Title: Count on Me
Characters: Kirk, Spock
Rating: K
Word Count: 323 (too lazy to cut it down, yes)
Warning/Spoilers: Immediately pre-Enterprise Incident. Spoilers for that episode.


Kirk finally whirls from his restless pacing, face twisted into that particular expression that indicates unhappy obedience to a distasteful duty, and tightly folds his arms in an unconscious gesture of self-defense.

"You do understand what you're getting into, Commander?" The usage of his title and not his name, as is the human's wont when they are alone, betrays more than anything else the tense state the man's nerves are in. "If we fail, the Federation will disavow any knowledge of our actions, we'll go down in history as traitors, and most likely we'll be dead."

He is silent, for no answer is sufficient at the moment.

"And if we succeed," and Kirk snorts a mirthless laugh, "we'll probably be either dead or close to it, we'll have compromised any moral code we possess, and we'll never get recognition for our sacrifices. Is that something you're really willing to do, Mr. Spock? Risk the ship and your position aboard her, your very life even, over this idiocy of a covert mission for a Federation that doesn't even begin to grasp the risks involved?"

"If I decline," he answers slowly, gently, for he can sense the solitary pain the human is radiating (and yet the captain is unselfishly promising to find some way to allow him to refuse the mission they have been given so ruthlessly), "…if I decline, you will perform it alone, will you not?"
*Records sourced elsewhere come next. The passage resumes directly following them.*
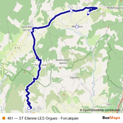 Click here to view the nearest 481 - ST Etienne LES Orgues - Forcalquier bus stop.
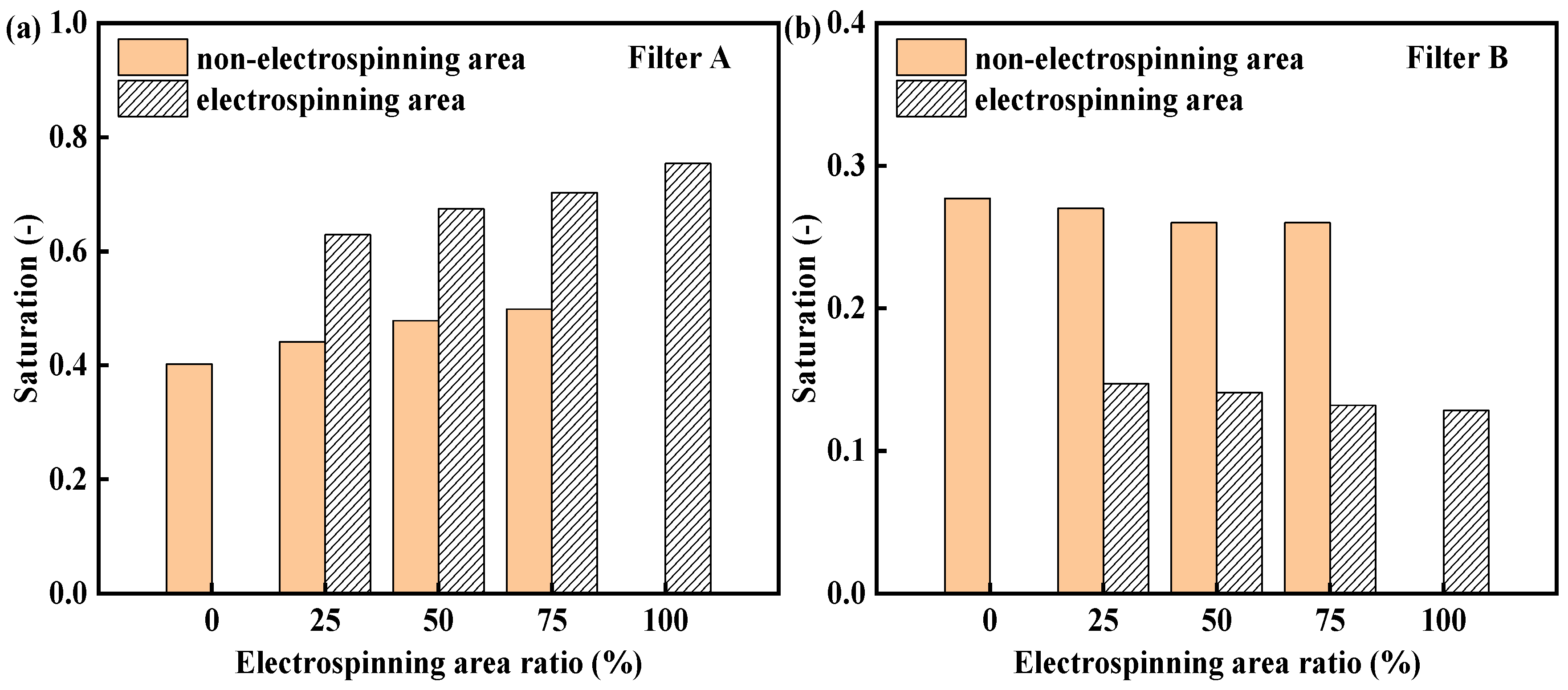 Saturation of different electrospinning area ratios: (a) Filter A; (b) Filter B.
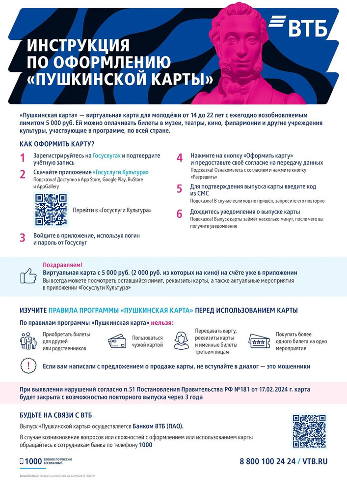 | В нашей стране действует культурная программа «Пушкинская карта», созданная по инициативе Президента РФ и направленная на приобщение молодежи к культурным ценностям. «Пушкинская карта» — специальная банковская карта, которой молодым людям от 14 до 22 лет можно будет расплачиваться при покупке билетов в музеи, театры, концертные залы, филармонии, консерватории и другие учреждения культуры по всей стране. Карта выпускается в виртуальном формате, программа предусматривает в 2026 году перечисление на карту каждому ее участнику финансовой поддержки от государства в размере 5 000 рублей. «Пушкинская карта» – это важнейший социальный проект, направленный на поддержку молодежи и ее культурное развитие. Кроме того, это очень современный, удобный и эффективный подход. С одной стороны, он позволяет молодёжи приобщиться к культурным ценностям, получать новые знания и впечатления, а с другой – придаёт новый импульс и оказывает поддержку всей отрасли культуры и искусства. Получить всю необходимую информацию о выпуске карты вы можете по ссылкам: https://culture.gosuslugi.ru/ https://www.vtb.ru/personal/karty/debetovye/pushkinskaya_karta/ https://www.culture.ru/ https://max.ru/pushkincard_bot ![]() ![]() | |
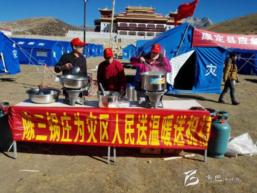 11月28日中午,記者來到康定塔公鎮(zhèn)祖慶小學采訪。在現(xiàn)場,一群戴著紅帽子的人正在將熱氣騰騰的紅燒肉一勺一勺的分發(fā)到同學們碗中。仔細一看,現(xiàn)場還有一幅標語,上面寫著“陳三鍋莊為災區(qū)人民送溫暖送祝福”的字樣。記者揉了揉眼,確定沒看錯。原來,陳三鍋莊是關(guān)了康定的門店,組織人員到災區(qū)參與抗震救災來了。
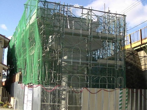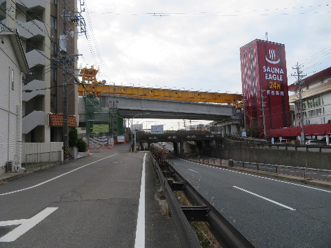| 2020年11月08日。1/2高架橋に残り3/2を付け足す工事中。 | 2020年12月13日。足場を組んで工事が続く。 |
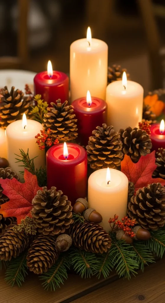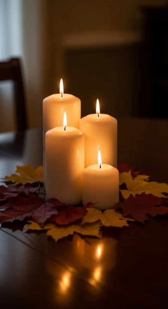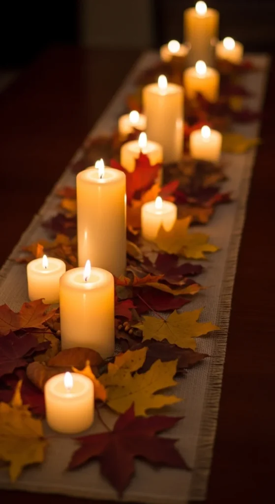 Lay a simple runner across your table and arrange candles along the center. Scatter leaves around them for color. Keep the candles spaced evenly for a clean look.
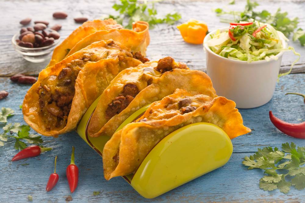 Für Tacos werden die Tortillas mit Fleischstückchen belegt. Frittiert, knusprig braun, mit Koriander bestreut und eingerollt ein schneller Snack auf die Hand. Zu den Tacos werden Salsas serviert; eine pikante Sauce aus Paradeisern, Chili, Zwiebeln, Knoblauch, Koriander und Limonensaft.
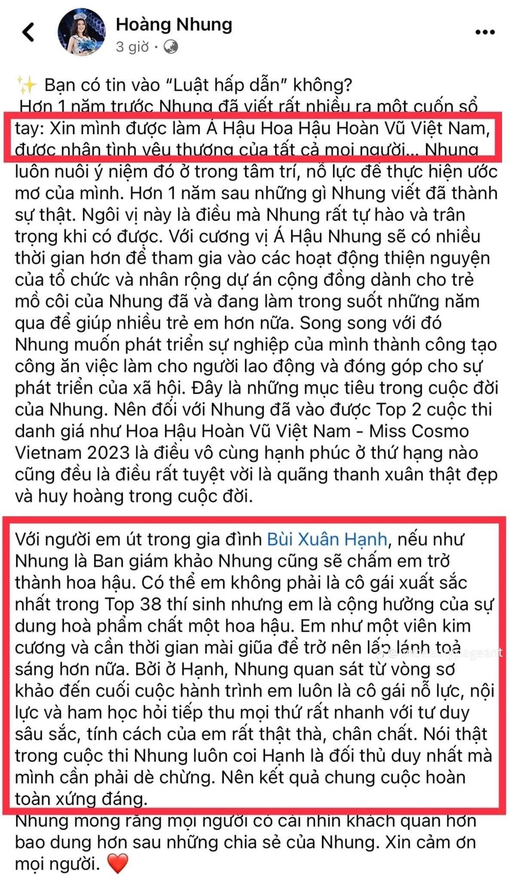 Mới đây, trên trang cá nhân, Á hậu Hoa hậu Hoàn vũ Việt Nam 2023 Hoàng Thị Nhung đã đăng một bài chia sẻ về Hoa hậu Xuân Hạnh, nội dung như sau:

Kirk looks away, ashamed. "I have no choice," he snarls bitterly.

He intentionally steps into the human's personal space. "Then I believe my response is, as you humans would put it…count me in."

Kirk has not retreated from his supportive advance, which is an improvement over the last hour's argument, and now looks at him in a mixture of fond sadness, eyes soft.

"No, Mr. Spock," the captain responds after a moment, his features finally relaxing into a half-smile. "The correct phrase is 'you can count on me'."